Responsabilité d'entreprise et éthique sont-elles solubles dans la mondialisation ?

Responsabilité d'entreprise et éthique sont-elles solubles dans la mondialisation ?
Aux Editions de l'Aube

12 mai 2012

Vous avez dit croissance ?

Jusqu’à aujourd’hui, parmi les préceptes intangibles de l’idéologie néolibérale, on trouvait le fétichisme de la croissance. Avec d’ailleurs, comme à l’accoutumée, un raisonnement erroné et surtout de mauvaise foi dans le discours officiel des prêtres libéraux (in petto bien sûr, ils n’en pensent pas un mot) : la croissance serait un moyen, un levier qui se pilote, elle apporterait réduction du chômage et distribution des richesses par ruissellement (théorie fausse et éhontée du trickle down).
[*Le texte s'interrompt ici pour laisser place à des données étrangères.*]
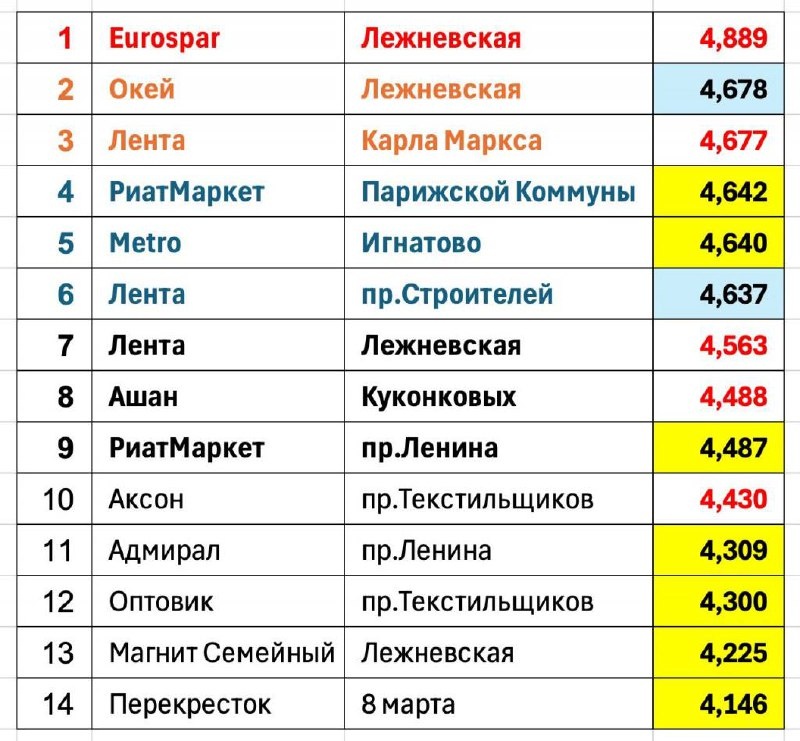 : Google, Яндекс, 2GIS (На желтом фоне - у магазинов от 2 до 5 тысяч оценок; на синем - от 5 до 8 тысяч, красным шрифтом - более 8 тысяч оценок) А какому ивановскому гипермаркету отдаете предпочтение вы?
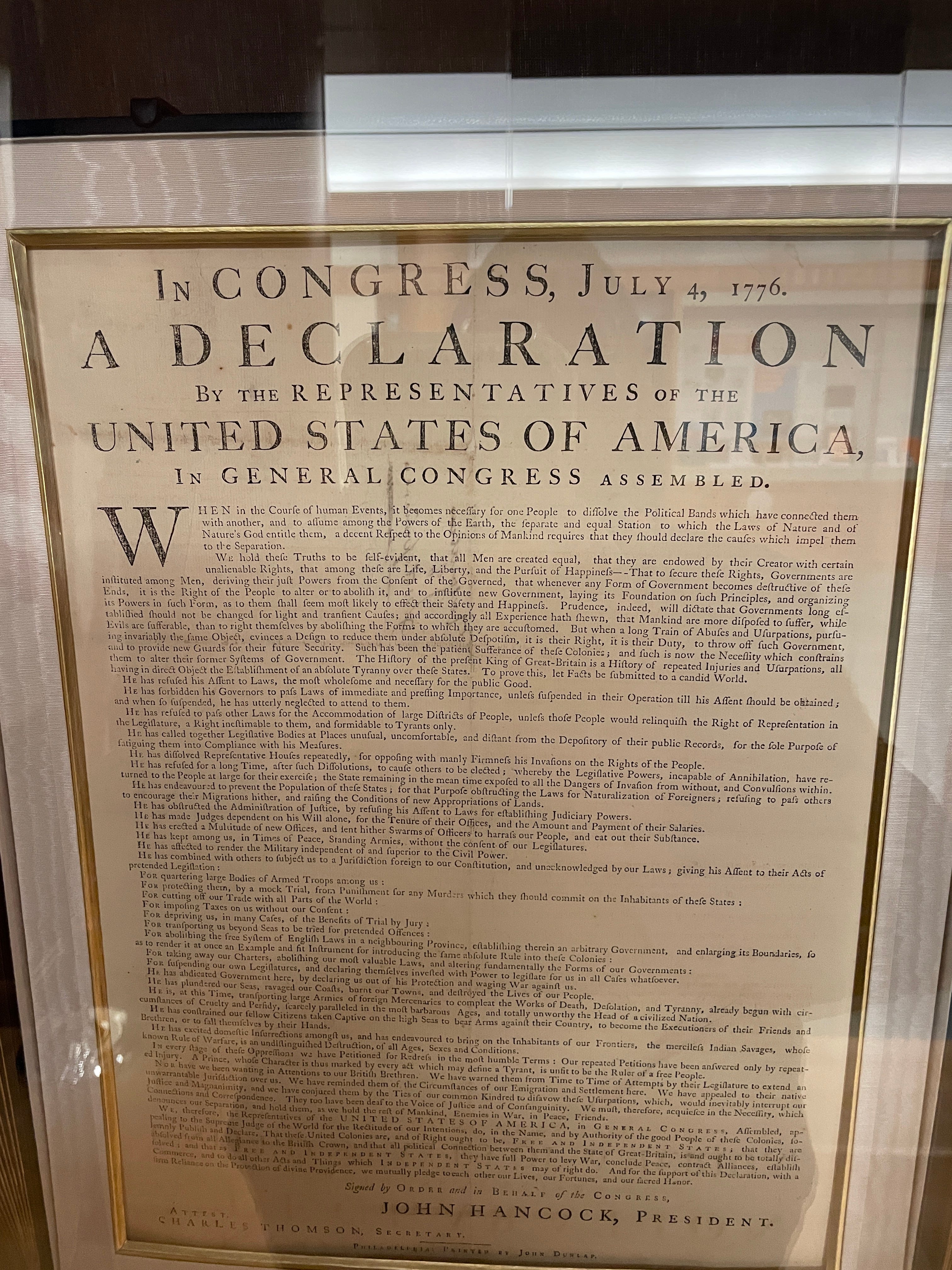 (Unique Dunlap Broadside printed on parchment, in the vault of the American Philosophical Society. Photo by author (hence the reflection).)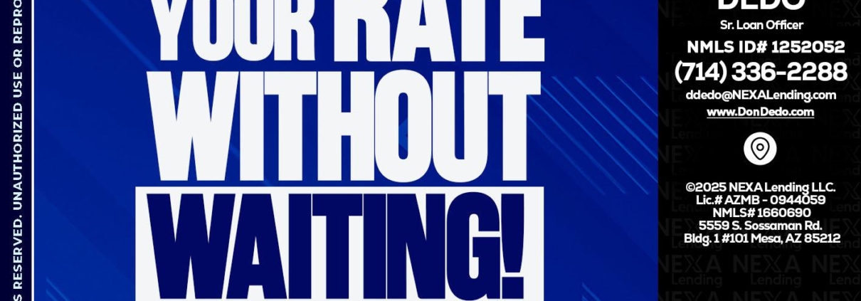 Hi, my name is Don Dedo. I’m a Loan Officer with NEXA Mortgage LLC., offering personalized mortgage solutions, fast customized quotes, great rates and service with integrity.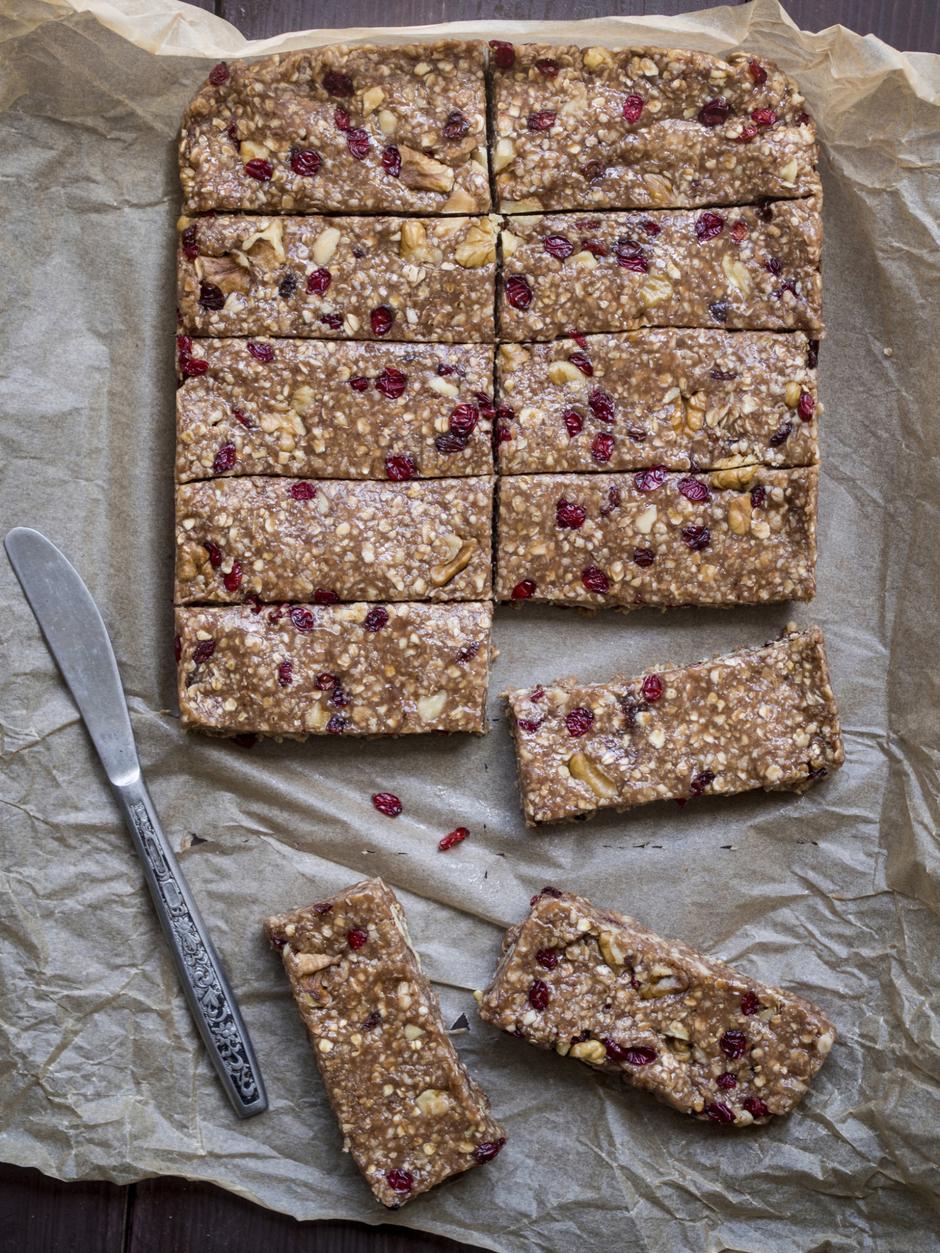Priprema: Zagrijte rernu na 180 Celzijevih stepeni. Stranice dubljeg lima za pečenje pokrijte folijom i nju nauljite. Bademe i sjemenke popržite na tavi. U posebnoj posudi zagrijte puter i med i miješajte dok se puter ne otopi. Dodajte ostale sastojke, osim čokolade, te sve dobro promiješajte. Čokoladu dodajte kad se smjesa malo ohladi. Smjesu lagano utisnite u lim za pečenje i pecite 30 minuta. Ohladite i narežite na komade.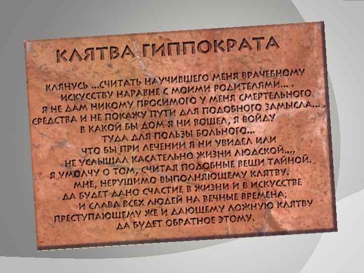 Светское врачевание Возникновение этой медицины в Древней Греции обычно связывают с именем Гиппократа (примерно 460 -370 гг. до н. э. ), которому приписывают более 60 сочинений на медицинские темы. Кроме того, исследование знаменитой "Клятвы" Гиппократа, проведенное Л. Эдельштейном показывает, что автор "Клятвы" выше всего ставил диетику, а после нее фармакологию, отвергал хирургию, не рекомендовал применять для лечения яды и давать абортивные средства.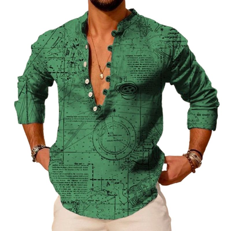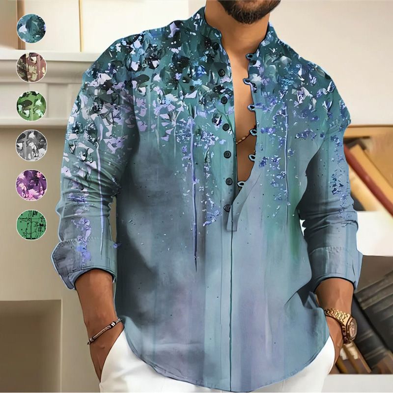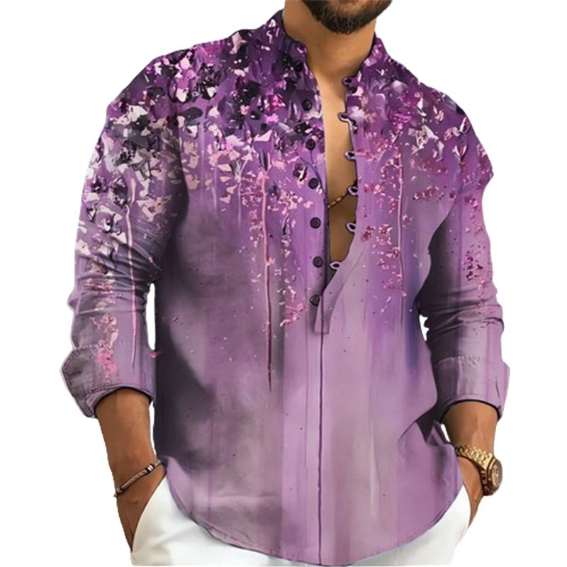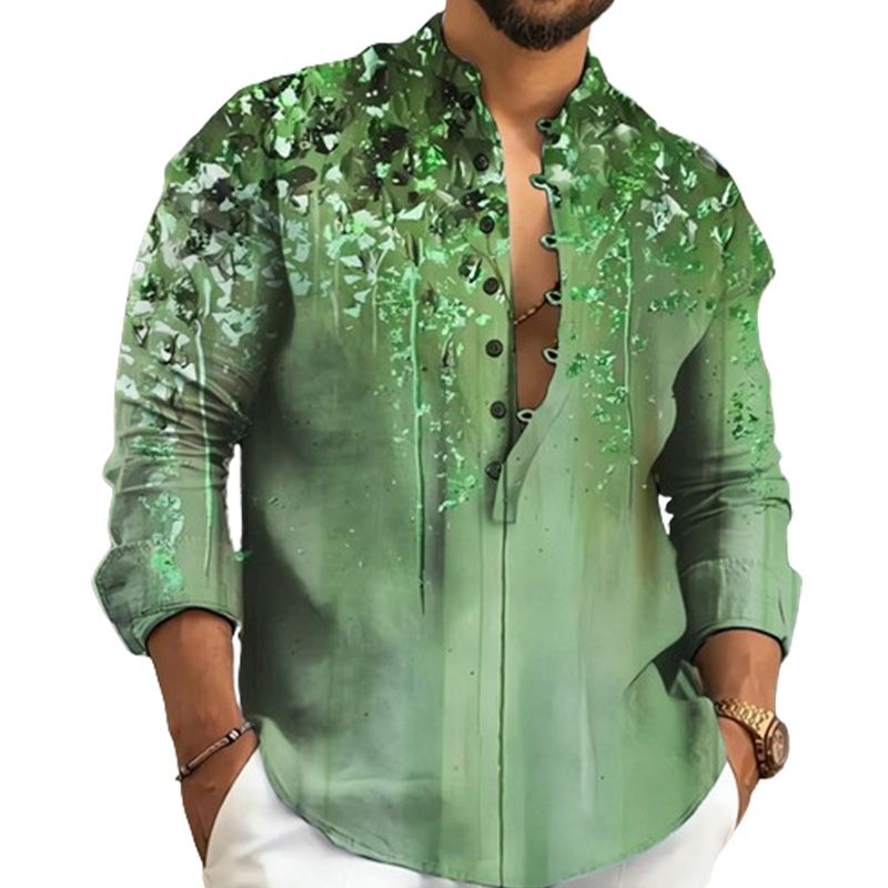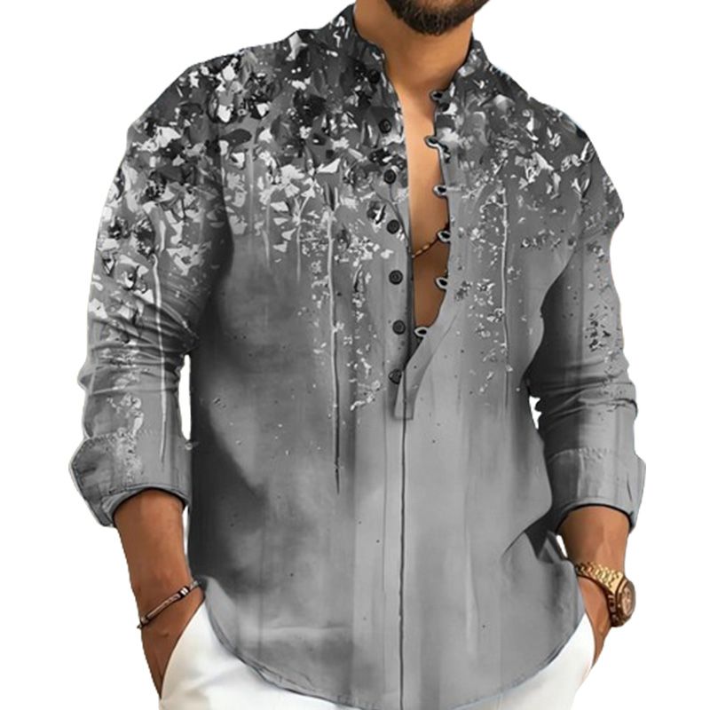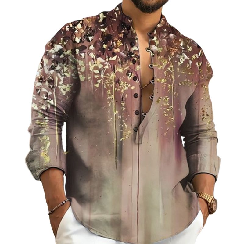 Men's Stand Collar Casual Print Long-sleeve Shirt
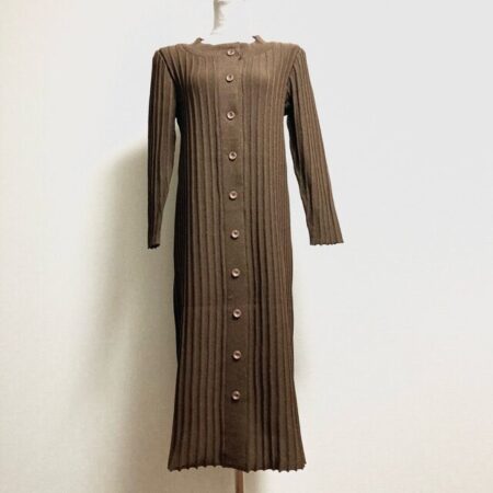 斉藤都世子のワンピースを出張買取ご利用の方よりお譲りいただきました。都会的なお色味のブラウンが素敵なワンピースです。リブニットなので着膨れもせず美しいラインを演出できるかと思います。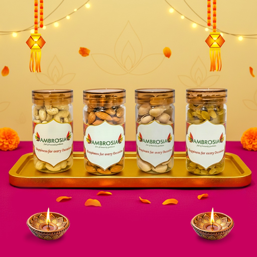 Celebrate the joy of Diwali with a premium assortment of Ambrosia Almonds, Cashews, Pistachios, and Raisins. Packed with health, taste, and tradition, this dry fruit collection makes the perfect gift for family, friends, and colleagues. A thoughtful way to wish prosperity, wellness, and happiness this festive season. Perfect for corporate gifting, festive celebrations, and sharing moments of joy.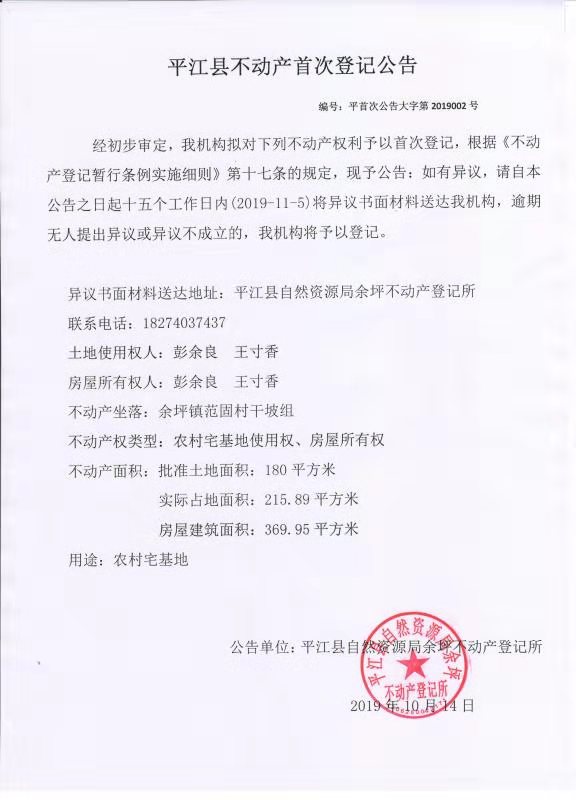 彭余良 王寸香平江县不动产首次登记公告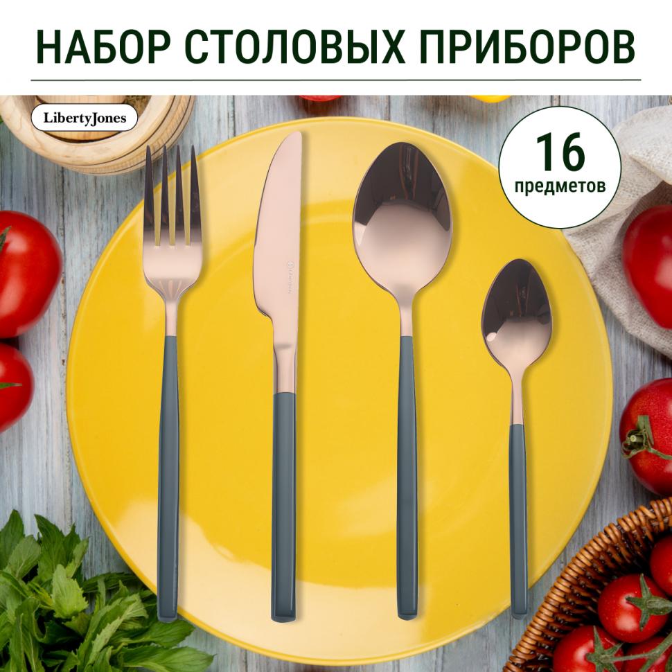 На сегодняшний день товар «Набор столовых приборов Liberty Jones Duality 16 предметов на 4 персоны золото (LJ0000207)» можно купить с кешбеком в 1 магазине: Яндекс.Маркет

Alors que la vérité est à l’opposé : la croissance n’est pas un moyen, ce n’est même pas un objectif mais un résultat, qui se constate seulement après coup comme conséquence complexe des politiques publiques pluriannuelles et des processus d’innovation. Souvent d’ailleurs avec une ou plusieurs années de retard, après de multiples corrections, tant les systèmes statistiques sont imparfaits. Compte tenu de la forte inertie des comportements des agents, des décisions macroéconomiques prises plusieurs années auparavant (donc souvent sous une législature politique différente) n’auront d’impacts que sur la durée. Ce n’est pas la croissance qui crée l’emploi, c’est la diminution du chômage qui crée de la croissance. De même que les politiques d’augmentations salariales et de soutien au défavorisés génèrent la croissance de la consommation. De plus, la composante démographique essentielle n’est jamais prise en compte par les analystes orthodoxes (on ne voit pas pourquoi un pays dont la population active diminue – ce qui va être le cas de beaucoup de pays de la vielle Europe – devrait voir automatiquement son PIB augmenter). Enfin, la croissance ne mesure pas la réalité : travail informel non comptabilisé (de l’ordre de 12 % du PIB pour le travail non déclaré, plus le travail des retraités et des bénévoles), impacts positifs sur le PIB des externalités négatives (destructions diverses), dégradations du patrimoine naturel non pris en compte. Il n’y a donc pas de bouton « croissance » en tant que tel, que l’on pourrait régler et encore moins sur lequel on pourrait appuyer.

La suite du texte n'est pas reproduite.